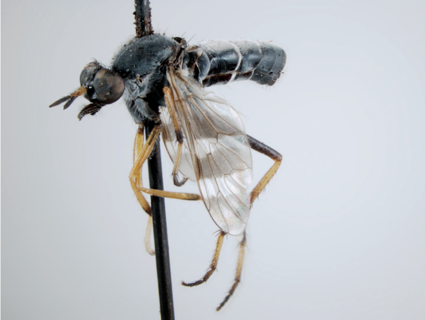
Figure 18. Acupalpa rostrata Kröber, Neotype male, anterolateral view [576256]. Body length = 7.0 mm.

species herein a neotype is designated to stabilise the taxon and remove any possibility of confusion in the future. Acupalpa rostrata is differentiated from other Acupalpa species by the unique leg and antennal colouration.
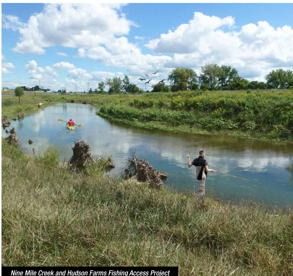
Nine Mile Creek and Hudson Farms Fishing Access Project

Onondaga Lake Natural Resource Damage Assessment and Restoration Information:
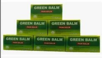
Green Balm Pain Balm
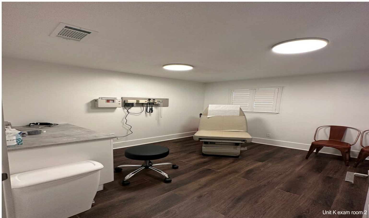
Unit K exam room 2
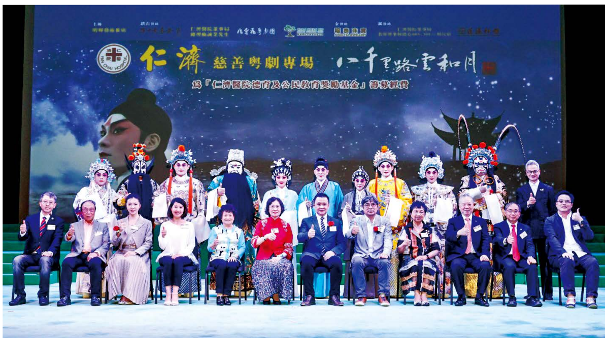
主禮嘉賓與一眾董事局成員、贊助人及表演嘉賓於台上大合照 Group photo of Guest of Honour, Board Members, performers and sponsors
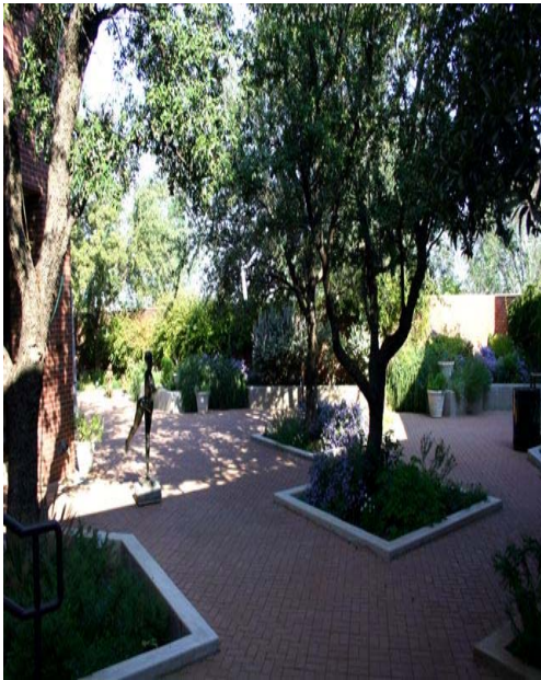
Ellen Noel Art Museum 1996 - 1998 4909 E. University Odessa, Texas
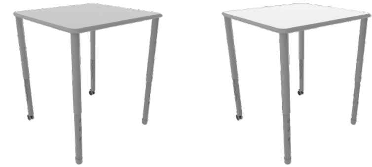
Fog Grey White Writeable
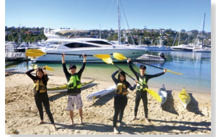
HSMC intern (1st from right) at Sydney Harbour Kayaks, Australia 恒管學生(右一)在澳洲 Sydney Harbour Kayaks 實習。
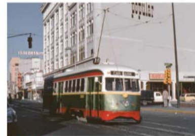
El Paso City Lines streetcar, 1908-1949

only the 3.2-mile long line into Juarez. In 1950, bought up PCC cars from San Diego to modernize the line. In 1975, a cross-border dispute with Mexican authorities brought a sudden, unexpected end to the international trolley, and the last cars ran to Juarez on July 31. The city of El Paso attempted to run a truncated local service with the PCC cars, but this experiment ended less than a year later. May 4, 1981, last day of operations on the El Paso local streetcar as long as.
- - - - -
▶ **Exercise brief**
Only the lines starting at the one with "主禮嘉賓與一眾董事局成員、贊助人及表演嘉賓於台上大合照 Group photo" and ending at the one with "El Paso City Lines streetcar, 1908-1949" should be printed, each exactly as it appears in the material above; the pictures are to be omitted.

▶ **Your response**
主禮嘉賓與一眾董事局成員、贊助人及表演嘉賓於台上大合照 Group photo of Guest of Honour, Board Members, performers and sponsors
Ellen Noel Art Museum 1996 - 1998 4909 E. University Odessa, Texas
Fog Grey White Writeable
HSMC intern (1st from right) at Sydney Harbour Kayaks, Australia 恒管學生(右一)在澳洲 Sydney Harbour Kayaks 實習。
El Paso City Lines streetcar, 1908-1949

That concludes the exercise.